Thursday, May 26, 2011

Esther Williams without the bathing suit

You know you want to imagine her without the bathing suitFor this last night of Esther Williams' turn as TCM's Star of the Month, TCM is showing some of the movies Williams made in which she doesn't have any elaborate musical numbers in the water. This includes one later role; two early movies with supporting roles; and one movie in which she gets second billing just before she started making all those water movies: The Hoodlum Saint, airing overnight at 2:00 AM ET. It's a strange movie in a whole lot of ways, not least for Williams' part in it. But more on that later.

The movie was made in 1946, just after the end of World War II, but the movie is about a veteran returning from World War I, a journalist named Terry O'Neill (played by a quinquagenarian William Powell). In theory, soldiers were supposed to get their old jobs back, but many of them wanted new horizons, and the home front had changed too, and O'Neill finds it difficult to get work. This is until he meets socialite Kay Lorrison (Williams) at a wedding, and she helps him get a job at another newspaper. O'Neill works on exposés of the world of high finance, but to be honest, he was always more comfortable working the crime beat, and when he sees the financiers making money hand over fist, he figures he can too.

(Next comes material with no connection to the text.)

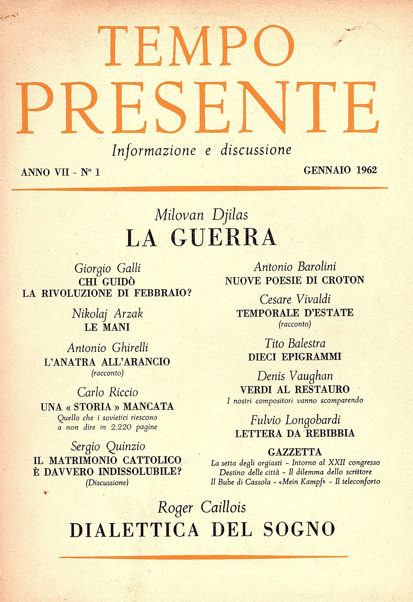 Tempo presente. Informazione e discussione Anno VII, N° 1 Gennaio & N° 2 Febbraio 1962

O'Neill wants to look respectable, though, and when he's apparently been helped by the intercession of one "St. Dismas", the patron saint of thieves, he decides to build a shrine to them and a charity, which enables him to mix in both the high-class world, and the world of crime and dark nightclubs, which is where he meets singer Dusty Millard (Angela Lansbury). She loves him, but he's not too sure. O'Neill continues to make money, but you know the crash of October 1929 is coming up....

The Hoodlum Saint is one of those movies I watched once years ago, found a bit odd and not quite up to snuff, and haven't stopped to watch any of the other times since that TCM has shown it. For all its odd casting and dated feel, it's well worth at least one viewing. It doesn't seem to be available on DVD, not even from the Warner Archive Collection.